I must admit I was not convinced when I first heard about Queen teaming up with Paul Rodgers.  It just didn’t look good on paper -- but in reality, it worked.  Return Of The Champions showed a band doing justice to classics from both Queen and Paul Rodgers’ rich catalogs.  It put a new twist on a group of well-known songs, and the results were surprisingly great.

Now comes a new studio album, and this is a different venture.  Without relying on a tracklist of  legendary cuts at their disposal, as in the live setting, the band members had to succeed or fail on their own. 

The Cosmos Rocks is rather complicated affair, and it would be a bit unfair to judge it after a listen or two.  Living with this record for a month can allow the listener to truly discover all the qualities hidden away from the initial plays. 

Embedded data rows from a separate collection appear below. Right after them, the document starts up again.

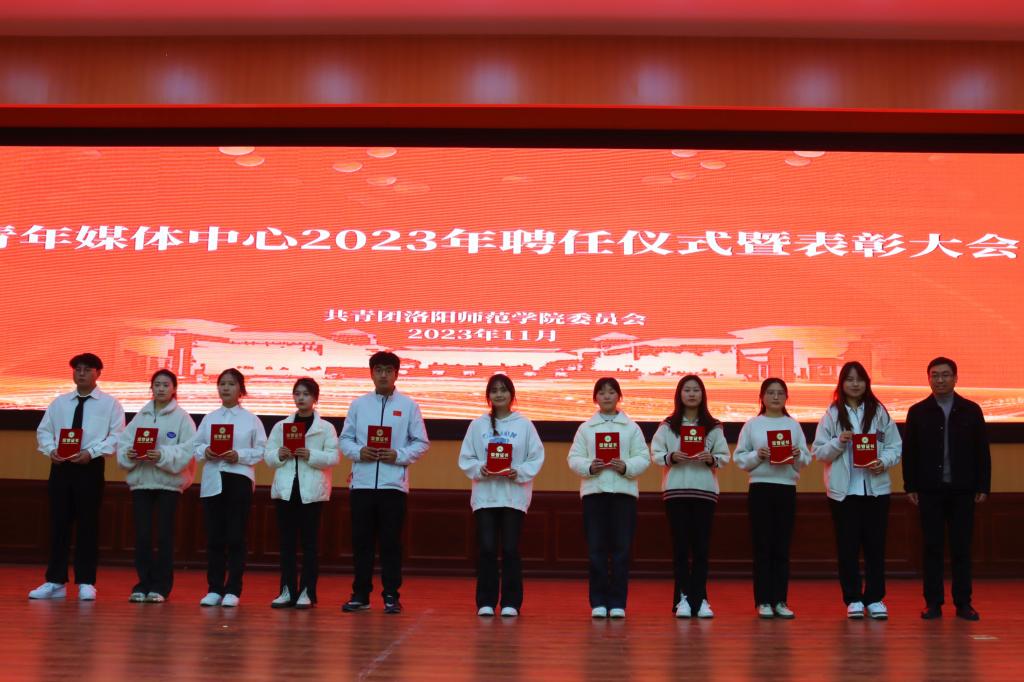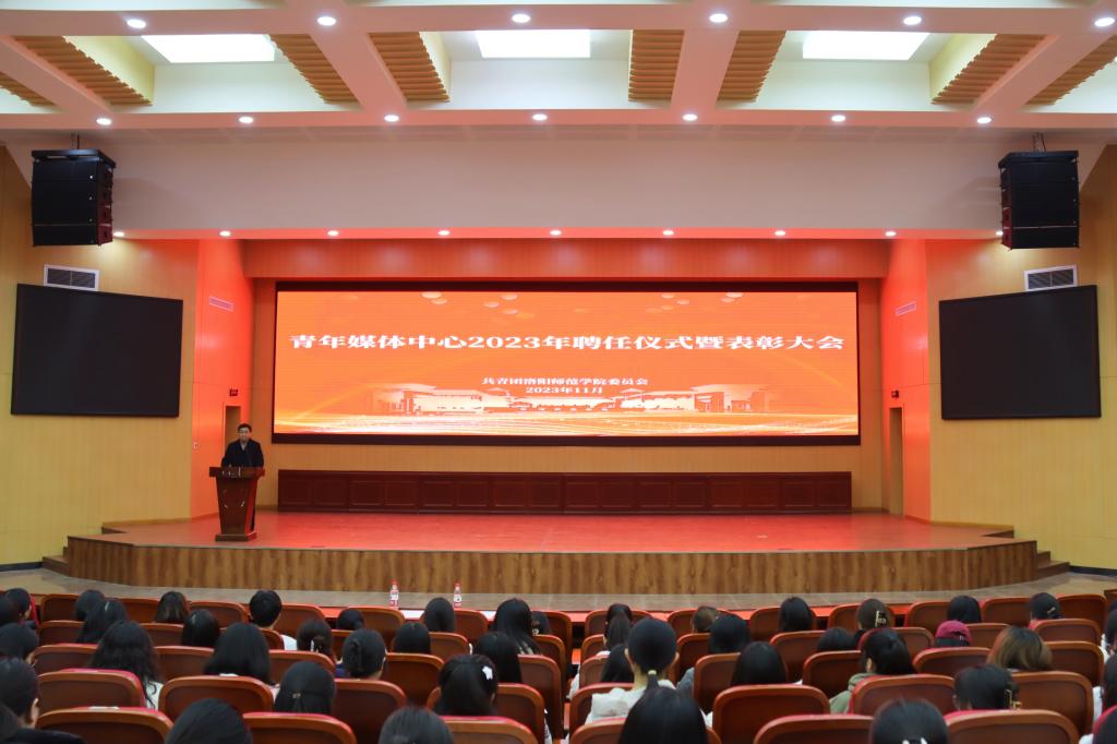 11月16日下午,青年媒体中心2023年聘任仪式暨表彰大会在G1-112报告厅举办,校团委副书记孙志隆、宣传部部长郭利霞以及青年媒体中心全体成员参加仪式。
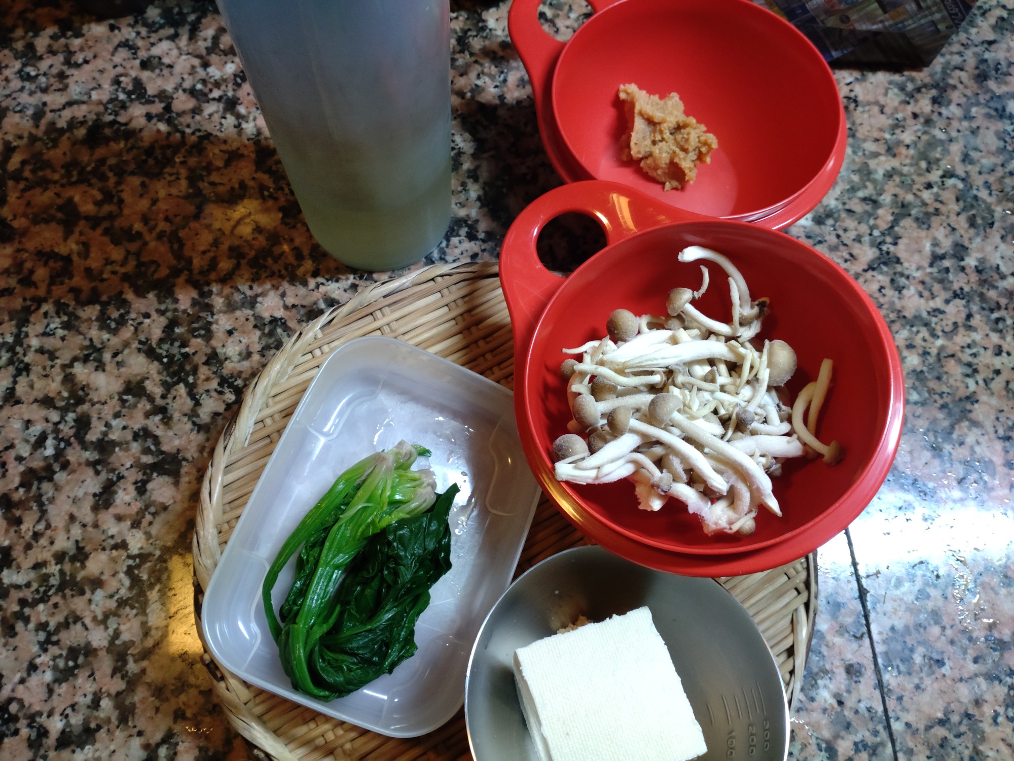 今朝は、ほうれん草、木綿豆腐、しめじの味噌汁です。
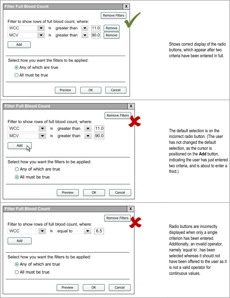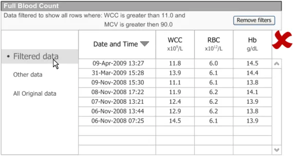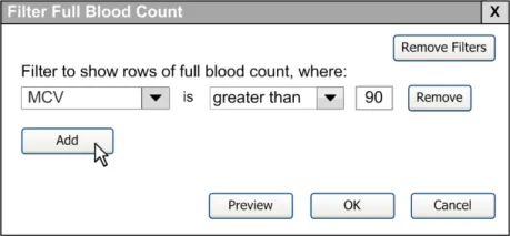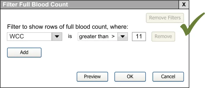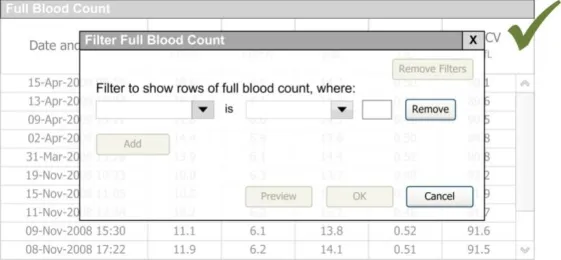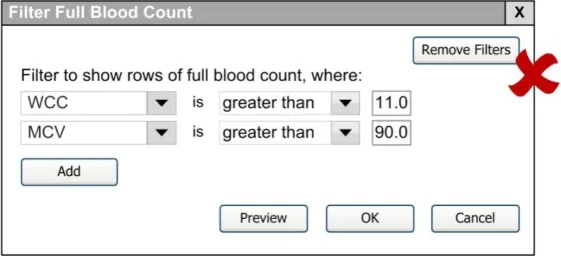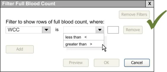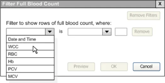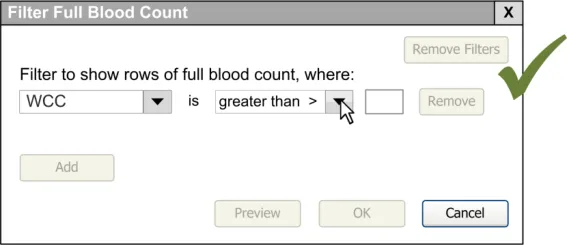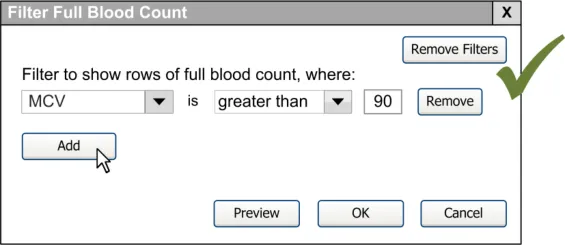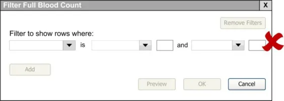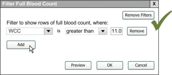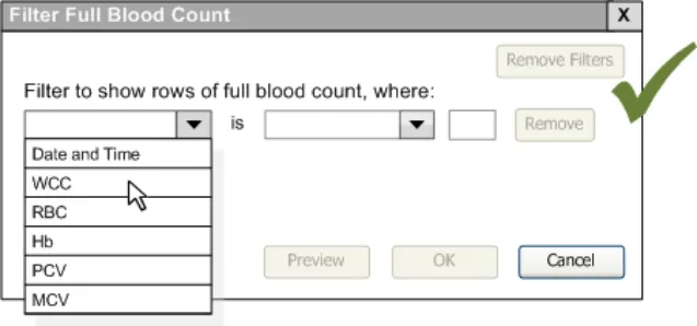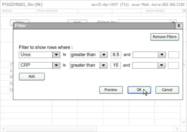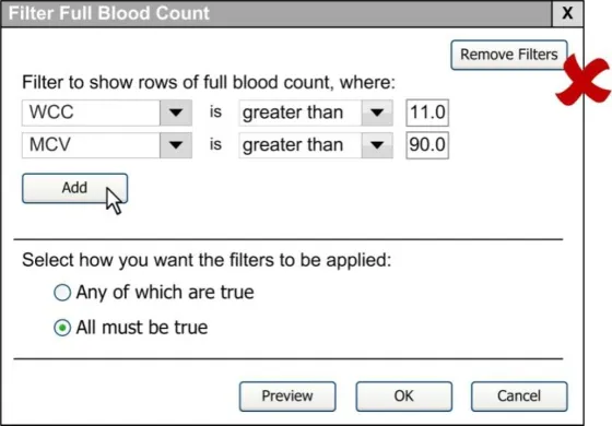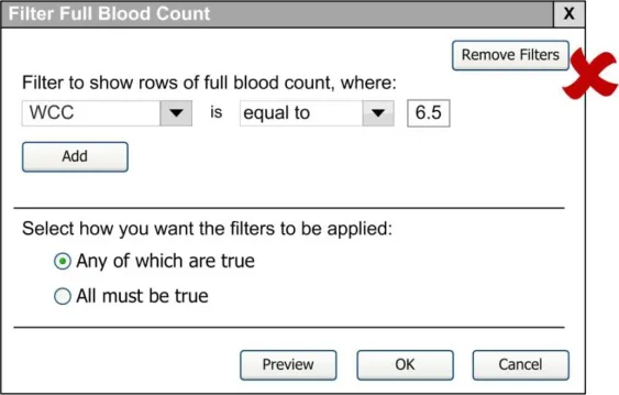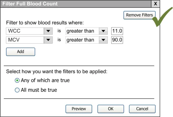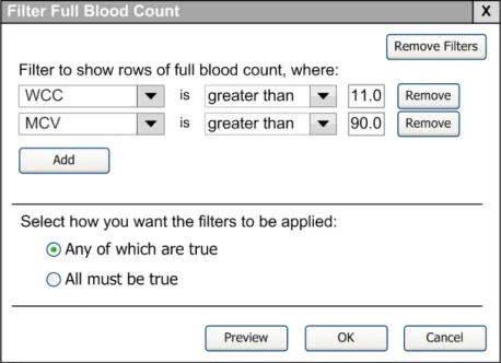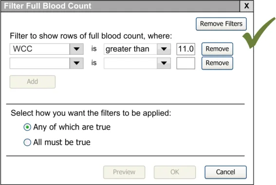 When subsequently shown Figure 16 all respondents were able to predict that the result of selecting an ‘all must be true’ filter was that the filter showed both a Urea value greater than 6.5 and a CRP value greater than 15. Most respondents (8/13) preferred the Figure 16 design because it made the action ‘ much clearer’ (p3) and provided them with a choice on how to combine the individual filters.

Having read some reactions from the press, I found the record to be largely ignored, misconstrued, or not even properly listened to.  I was wondering if these folks were writing about the same album, but the headlines indicated so.  Well, it’s so easy to take a shot this combination of musicians and hold them accountable to all sorts of charges, but what’s the point?  Let’s not forget, it’s all about the music, and not an individual reviewer trying to grab their 15 minutes of fame.

Ah, the music.  The Cosmos Rocks starts with the very upbeat title cut.  It sets the tempo -- it’s loud, energetic, and very glam-oriented track.  I’m not necessarily blown away by this song, but I can see how it could be snatched up by radio for a good use.  “Time To Shine, the second cut, is where the album begins for me.  It starts slowly, somewhat reminiscent of the early Queen song “Keep Yourself Alive,” and then Paul Rodgers gets to the chorus and soars.  What an incredible moment this is.  It’s only the second cut, and we’re already in overdrive.  The momentum is kept throughout the record, with varying tempos and different levels of emotion invested in each song.my_heart_sings_the_harmony_web_ad_alt_250   We get the best of both Queen’s and Paul Rodgers’ writing and performing abilities, and that is a high bar. 

Later on, things get even better – yes, you’ve heard right!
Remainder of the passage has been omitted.